MIT Economist Rudiger Dornbusch, November 1998
On the surface, the U.S. economy is gradually recovering. Based on mean reversion to potential GDP (which generally occurs over a 4-year horizon absent an intervening recession), we would expect GDP growth over the coming 4-year period to average 3.8%, with average monthly employment growth of 200,000 jobs. This would be my "benchmark" expectation if the U.S. and international banking systems were "clean." However, my concern is that the surface U.S. recovery is built over a foundation that is vulnerable to further strains. If our policy makers had made proper decisions over the past two years to clean up banks, restructure debt, and allow irresponsible lenders to take losses on bad loans, there is no doubt in my mind that we would be quickly on the course to a sustained recovery, regardless of the extent of the downturn we have experienced. Unfortunately, we have built our house on a ledge of ice.
Debt burdens have not been meaningfully reduced in the mortgage sector - they have only been extended. Home values are still well above their historical norm relative to incomes. Yet more than 20% of homeowners already have "negative equity" - mortgages that exceed the current prices of their homes. A few months ago, Deutsche Bank projected that the negative equity rate may rise to 48% in 2011. Yet even if we ignore the mortgages that have been "modified" by slapping delinquent payments onto the back of the obligation, one in seven U.S. homes is presently delinquent or in foreclosure. As much as we have done to make lenders whole, nothing apart from a major restructuring of mortgage obligations will ease the continuing vulnerability on the debtor side.

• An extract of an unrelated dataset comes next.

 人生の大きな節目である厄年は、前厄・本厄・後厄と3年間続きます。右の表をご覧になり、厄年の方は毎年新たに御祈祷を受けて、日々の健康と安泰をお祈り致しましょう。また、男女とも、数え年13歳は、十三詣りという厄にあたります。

Meanwhile, the dependence of the banking system on short-term deposits is worse than it was prior to the crisis. The FDIC reports that time-deposits have declined for the 7th consecutive quarter, while the cost of funding assets has dropped below 1%, as banks rely on the shortest liabilities possible in order to earn higher interest spreads. So while the month-to-month progress of the economy has been somewhat encouraging, our policy makers have put us in the position of continually revisiting a can that they simply kicked down the road.
As we look ahead to the coming years, I believe that the best way to avoid major losses will be to remain mindful of the distinction between surface economic progress and latent (underlying) risks. As a starting point, we'll look at the "benchmark" scenario - the potential growth in GDP and employment that we can expect in the absence of further economic shocks. Second I think it's useful to review the observations that the late MIT economist Rudiger Dornbusch made in 1998, many of which are directly applicable to the present environment. Finally, we'll review the current state of the economy and the financial markets.

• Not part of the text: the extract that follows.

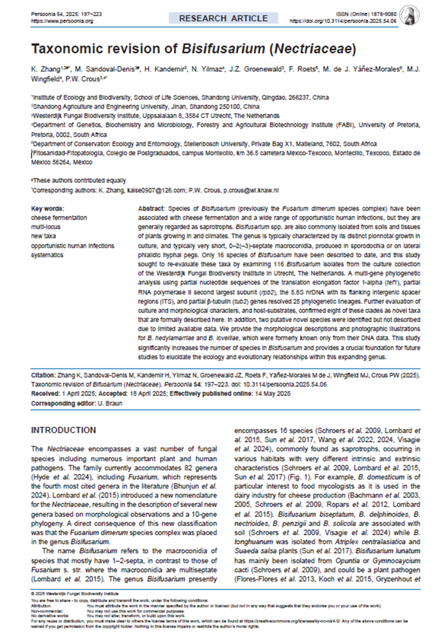 近日,437ccm必赢国际官网林业工程学院张凯教授在微生物学著名刊物《Persoonia》(中科院1区,IF=9.5)在线发表题为“Taxonomic revision of Bisifusarium (Nectriaceae)”的研究论文。

The Mean-Reversion Benchmark
Although estimates by the Congressional Budget Office indicate potential GDP (driven by population growth and other factors) is likely to expand by only 2.3% annually over the coming four years, the "output gap" - the difference between actual GDP and current potential GDP - is large enough that simply closing that gap would require an additional 1.5% of GDP growth annually over the coming 4 years. In other words, simply closing the gap between actual and potential GDP over the coming 4-year period implies a "benchmark" expectation of roughly 3.8% annual real growth. This requires that we avoid fresh credit strains or other shocks.
Similarly, the pool of unemployed workers is sufficiently large, and potential gains from downsizing are sufficiently exhausted, that we would expect to observe a gradual expansion in employment simply on the basis of long-term mean reversion, provided that we avoid fresh credit strains or other shocks. The U.S. economy has lost over 7.5 million jobs in less than three years, putting non-farm payrolls at roughly 130 million jobs. Historically, the growth rate of payrolls has run at about half the growth rate of real GDP (with the remainder accounted for by productivity growth - this is a corollary to Okun's Law). So 3.8% real GDP growth implies job growth of about 1.9% annually. In an economy gradually reverting back to potential over the coming four year period, that would imply net job growth of about 2.5 million jobs annually, or about 200,000 jobs a month, on average.
As a side note, even if you tack on 2.2% inflation to get 6% growth in nominal GDP and corporate revenues, stock market investors are still stuck with the fact that any normalization profit margins and profits to GDP (which are highly cyclical and presently near their historic peak) would result in roughly zero earnings growth for the S&P 500 over the 4-year period.
These "benchmark" estimates assume that we avoid another economic downturn in the next few years. In the chart below, you can see the impact of such downturn on the actual 4-year growth of the economy, versus what one would have projected. Notice that in the chart below, periodic recessions have caused GDP growth to fall short of the benchmark expectations. For instance, the 1981-1982 recession caused a shortfall versus the 4-year growth that one would have anticipated in 1977-1978. The 1991 recession caused a shortfall versus what one would have expected in 1987. And the 2009 collapse caused a shortfall versus what one would have expected in 2005.
So the current "benchmark" expectation for 4-year real GDP growth is about 3.8% based on a gradual reversion to potential GDP, and the corresponding "benchmark" for job growth is about 200,000 jobs per month on a sustained basis. Still, these levels are highly dependent on avoiding a fresh recession in the interim, and unfortunately, the U.S. is perpetuating policy mistakes that threaten that result.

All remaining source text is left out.